Cost of property, plant and equipment not ready for use as at the reporting date are disclosed as capital work-in-progress.

v. Capital advances

Advances paid towards the acquisition of property, plant and equipment, outstanding at each balance sheet date is classified as capital advances under "other non-current assets".

vi. De-recognition

An item of property, plant and equipment and any significant part initially recognised is derecognised upon disposal or when no future economic benefits are expected from its use or disposal. Any gain or loss arising on de-recognition of the asset (calculated as the difference between the net disposal proceeds and the carrying amount of the asset) is included in the Standalone Statement of Profit and Loss when the asset is derecognised.

vii. Transition to Ind AS

As permitted by Ind AS 101, the Company, on transition to Ind AS, had elected to continue with the carrying value under previous Generally Accepted Accounting Principles ("GAAP") for all of its property, plant and equipment and use that as its deemed cost.

Intangible assets

i. Recognition and measurement

Intangible assets that are acquired are recognised only if it is probable that the expected future economic benefits that are attributable to the asset will flow to the Company and the cost of assets can be measured reliably. The intangible assets are recorded at cost of acquisition including incidental costs related to acquisition and are carried at cost less accumulated amortisation and impairment losses, if any.

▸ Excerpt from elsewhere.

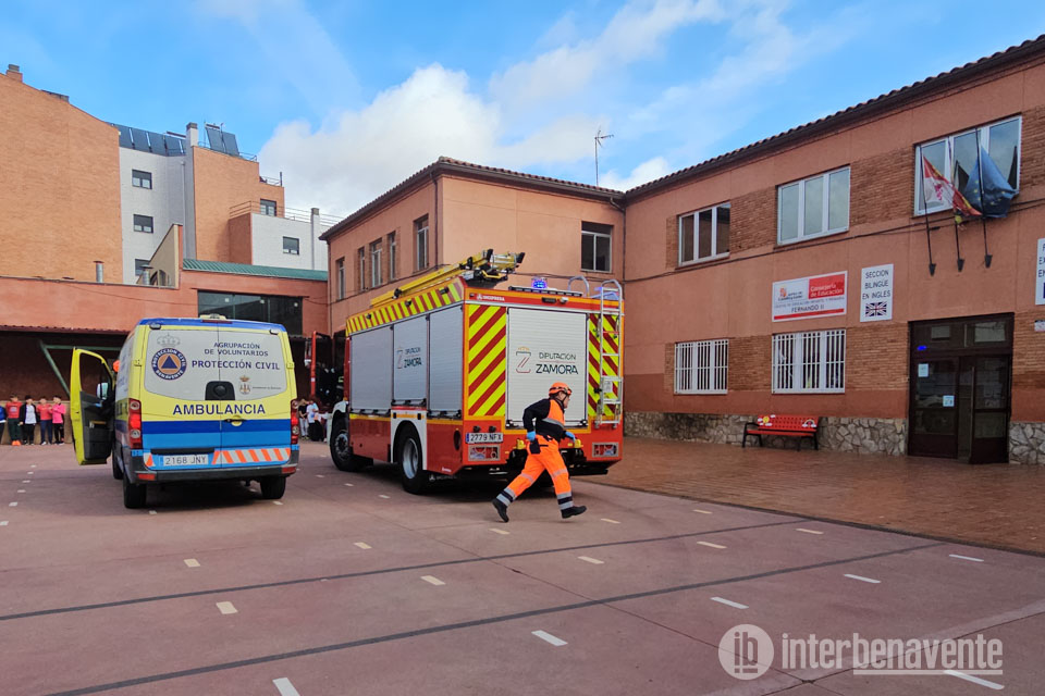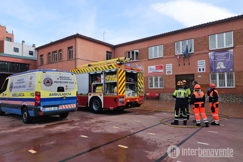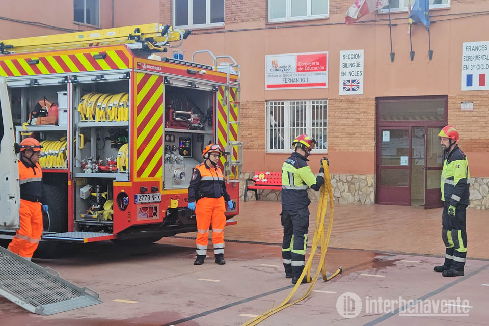 Tras confirmar que el colegio estaba vacío, los bomberos realizaron una exhibición del uso de la manguera de extinción, lo que despertó el interés de los alumnos. Además, los más pequeños tuvieron la oportunidad de subir a la ambulancia de Protección Civil y conocer su interior, aprendiendo de primera mano cómo actúan los equipos de emergencia.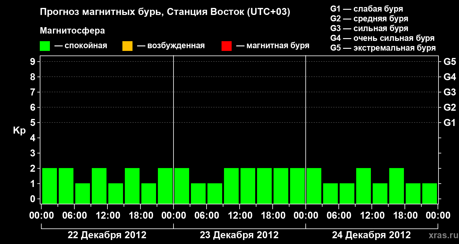 Прогноз магнитных бурь локации Станция Восток — 22 декабря 2012 года

ii. Subsequent expenditure

Subsequent costs are capitalised only when it increases the future economic benefits embodied in the specific asset to which it relates. All other expenditure on intangible assets is recognised in the Standalone Statement of Profit and Loss, as incurred.

iii. Amortisation

Amortisation is calculated to write off the cost of intangible assets less their estimated residual values using the straightline method over their estimated useful lives and is generally recognised in depreciation and amortisation expense in the Standalone Statement of Profit and Loss.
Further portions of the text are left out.